В любом случае, первыми помощниками здесь выступают семья и окружение. Но не каждый сегодняшний подросток придаёт институту семьи значимое место в жизни. Раздоры часто происходят на «пустом» месте, и нередко пропасть между отцами и детьми остаётся на всю жизнь. Отметим, что сегодняшние исторические события не мешают существованию семей, как полноценных элементов общества. Однако современные семьи уничтожаются под влиянием других факторов, чаще зависящих от самих родственников. И это внушает катастрофу.

История, описанная в этой книге, демонстрирует обычный для того времени разрыв семейной общины на почве государственных гонений. Здесь и мальчик, по сегодняшним признакам больной малоизученным аутизмом, и мать с тягой к гипертрофированному восприятию, и окружающие, натянувшие на себя одинаковые маски угодливости. И всё бы ничего, но на пьедестал выходит главный герой картины – страх. Страх, который породила история, под замедленным действием которого крутится клубок несчастий вокруг одной деревенской семьи.

Болезни главных героев сегодня встречаются достаточно часто, и это «часто» уже служит поводом для гибельного будущего семей и поколений. И заметим, история на все это смотрит извне. Что было бы с каждым из нас, попадись мы на удочку рыболова Кобы? Сражались бы мы честно, отстаивая своё интеллектуальное право или стали бы порабощенными и загнанными в клетку? Пошли бы против свояка ради выслуги перед государством?

Из века в век цикл истории повторяется, и каждый раз с ещё большим нажимом умоляет смотрящего не терять своего «Я», быть честным и справедливым. Персонифицируя образ страха, время показывает нам, что под влиянием трусости человек совершает убийственные поступки не только для себя, но и для семьи, односельчан, страны, наконец. И если тот, кто был верен себе и своим взглядам всё—таки погибает, то совесть его чиста и не тронута.

Быть может, новый круг истории пройдёт без таких колоссальных потерь, но стоит не забывать прошлое, отдавать должное тем, кто не смешал своё лицо с массами трусов, и учиться. Учиться побеждать.

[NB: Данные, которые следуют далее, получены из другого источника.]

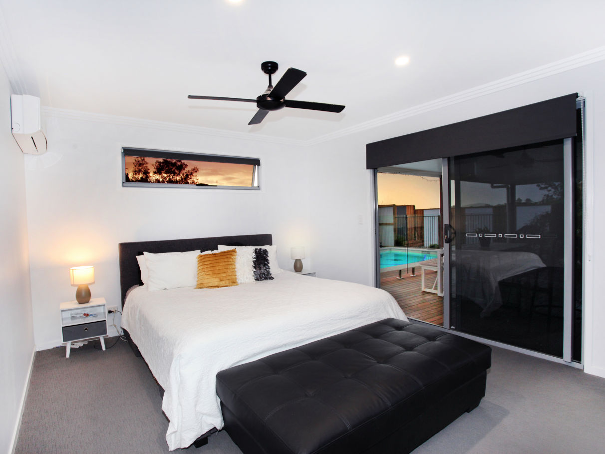 - Master bedroom with views of the pool, with walk-in robe and large ensuite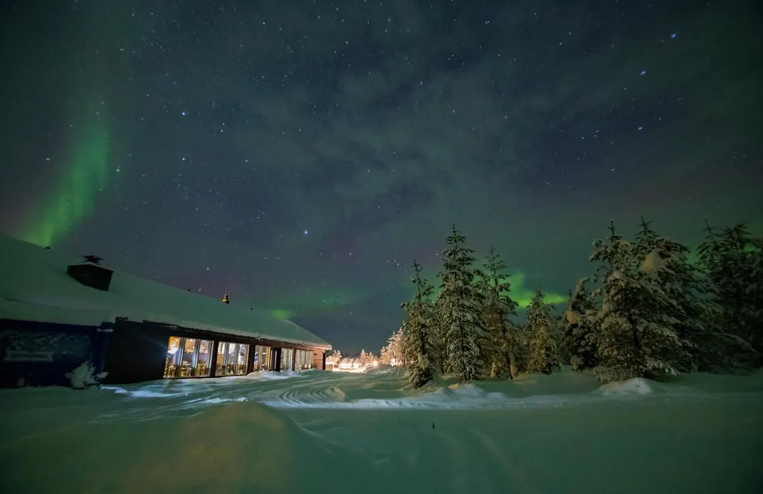 Northern Lights Village Levi features unique Aurora Cabins that offer a view of the Northern Lights through a glass roof. This 4-star Levi hotel provides numerous winter activities and amenities including a sauna and restaurant.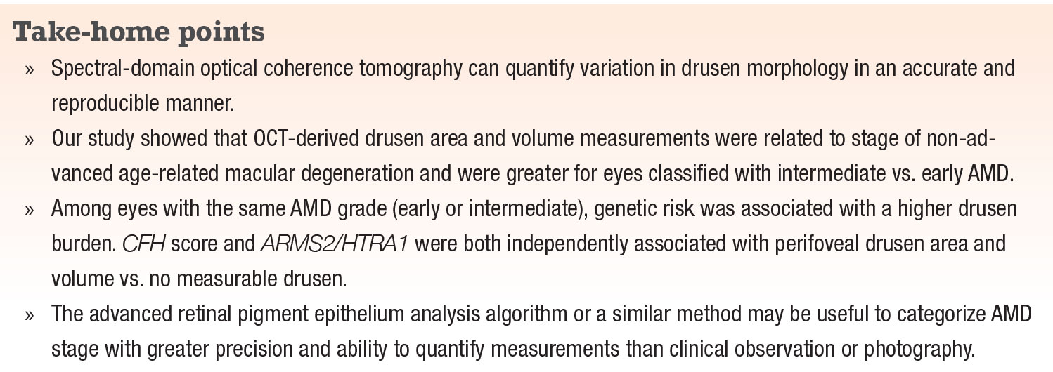 Our studies and others’ have shown that OCT-derived drusen area and volume and retinal features, such as hyper-reflective foci and choroidal parameters, may aid in determining the likelihood of progression from early or intermediate to advanced AMD.5-10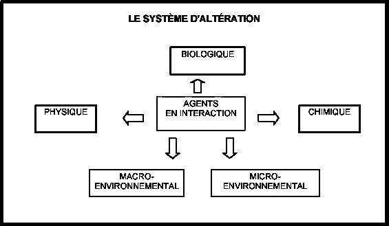 La détérioration biologique est le résultat net des interactions entre de nombreux agents daltération que lon peut grosso modo classer dans les catégories biologique, chimique, physique, macroenvironnementale et microenvironnementale (figure 2). Toutefois, les effets relatifs de ces agents dépendent souvent dans une large mesure de la nature et du degré de lintervention humaine.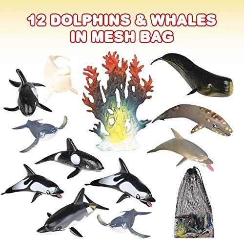 PACKED WITH VARIETY: Every pack comes with 12 different sea creatures measuring 3 inches. The figurines are meticulously painted and highly detailed for a realistic appearance. Teach and enthrall the kiddos with this dolphin and whale toys set!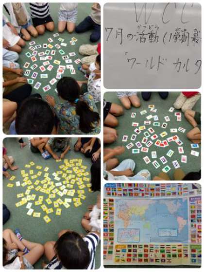 今日は、1学期の最終です。みんなで「ワールド・カルタ」をしました。世界のたくさんの国の名前をしっかりと覚えました。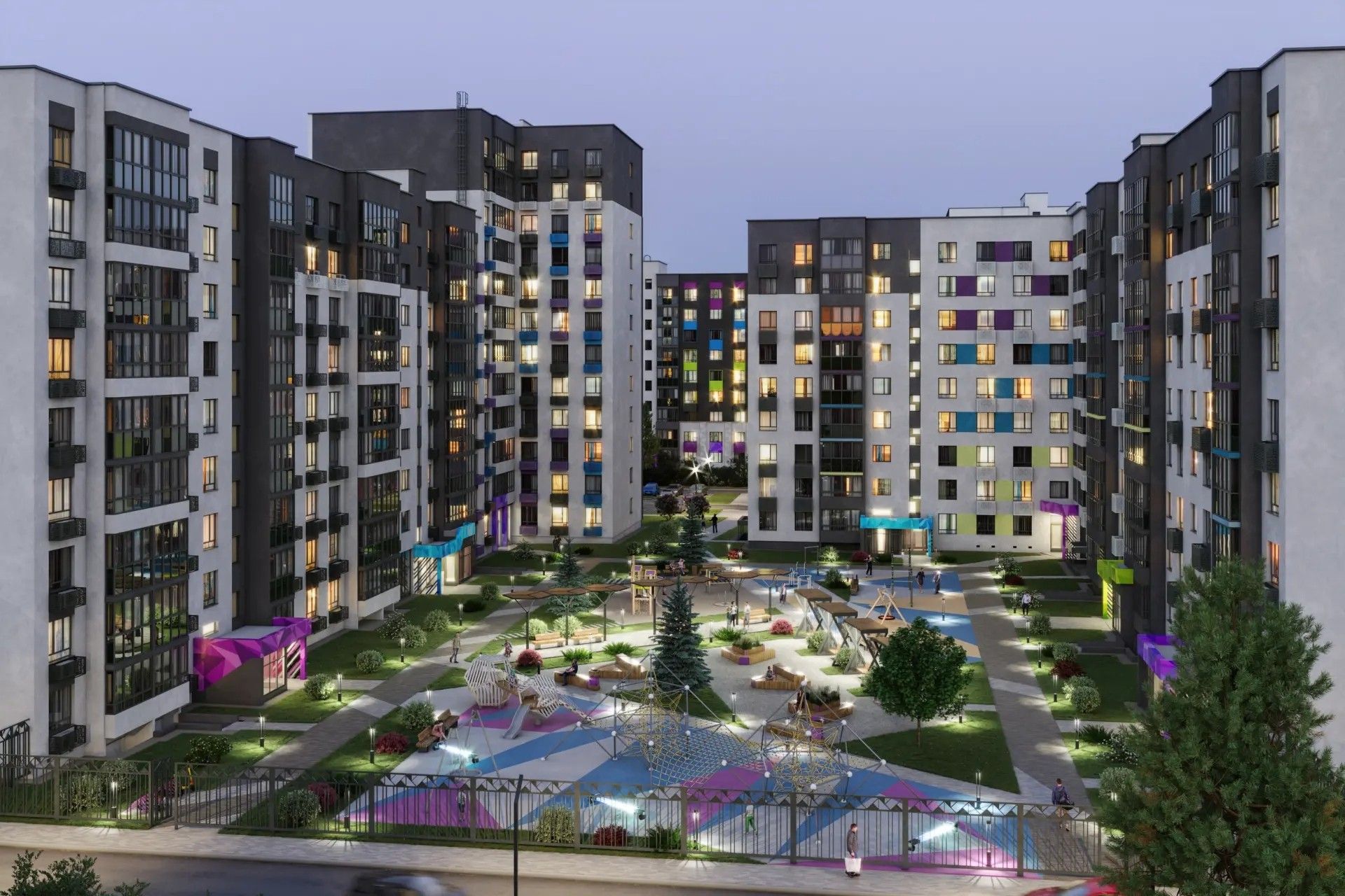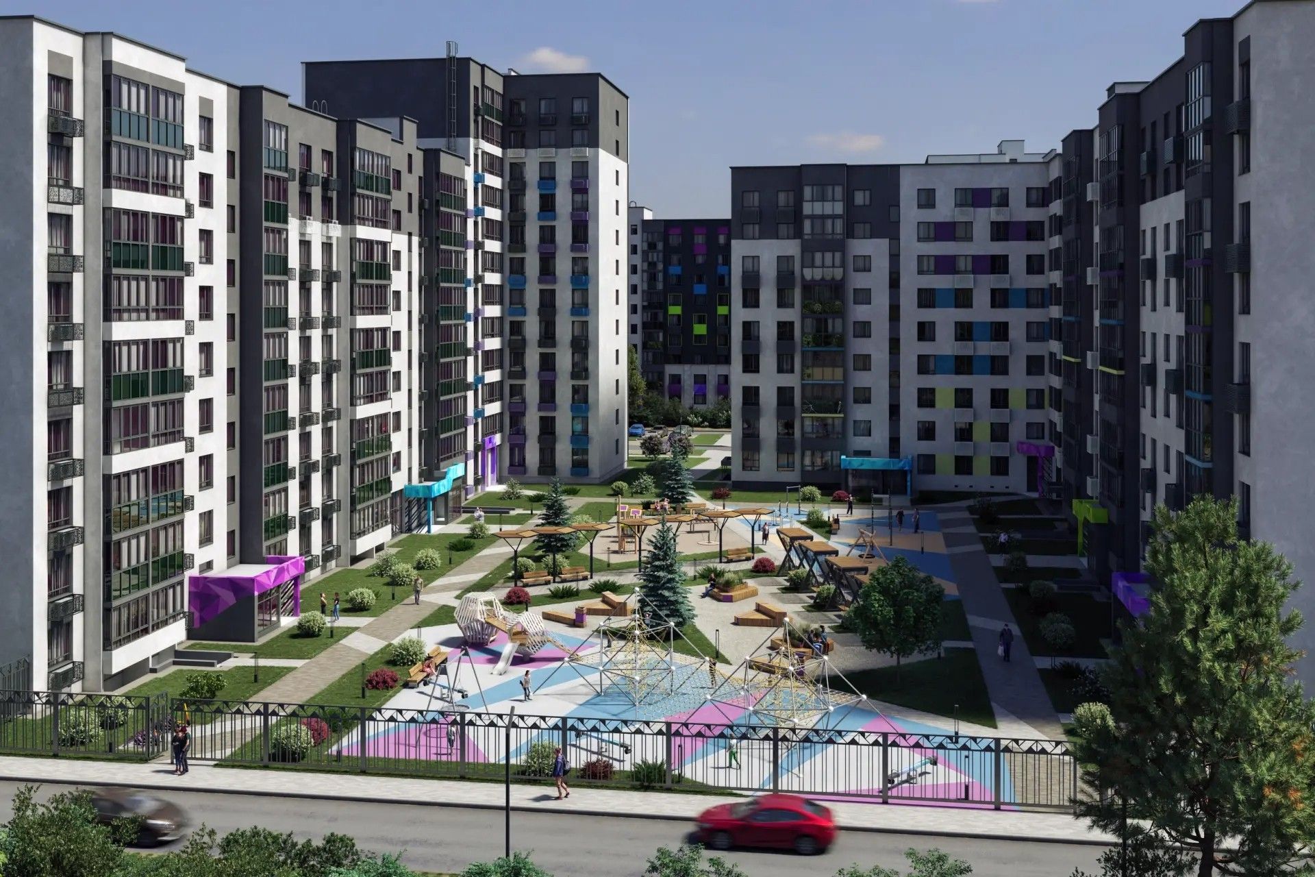 - Двор без машин — парковка вынесена за пределы территории, пешеходы и транспорт не пересекаются.

Под гнетом трусости в книге резко противопоставляется характер взросления психически нездорового ребёнка и нравственное падение сформированных зрелых личностей. Здесь уже ориентир у каждого свой.

1. ПОТЕРЯ

Грубый солнечный луч ознаменовал начало нового дня. Я резко открыл слипшиеся глаза и, не потягиваясь, сразу побежал в соседнюю комнату. Хотелось услышать ласковое мамино «Доброе утро, сынок» и снова убедиться, что мама меня не разлюбила.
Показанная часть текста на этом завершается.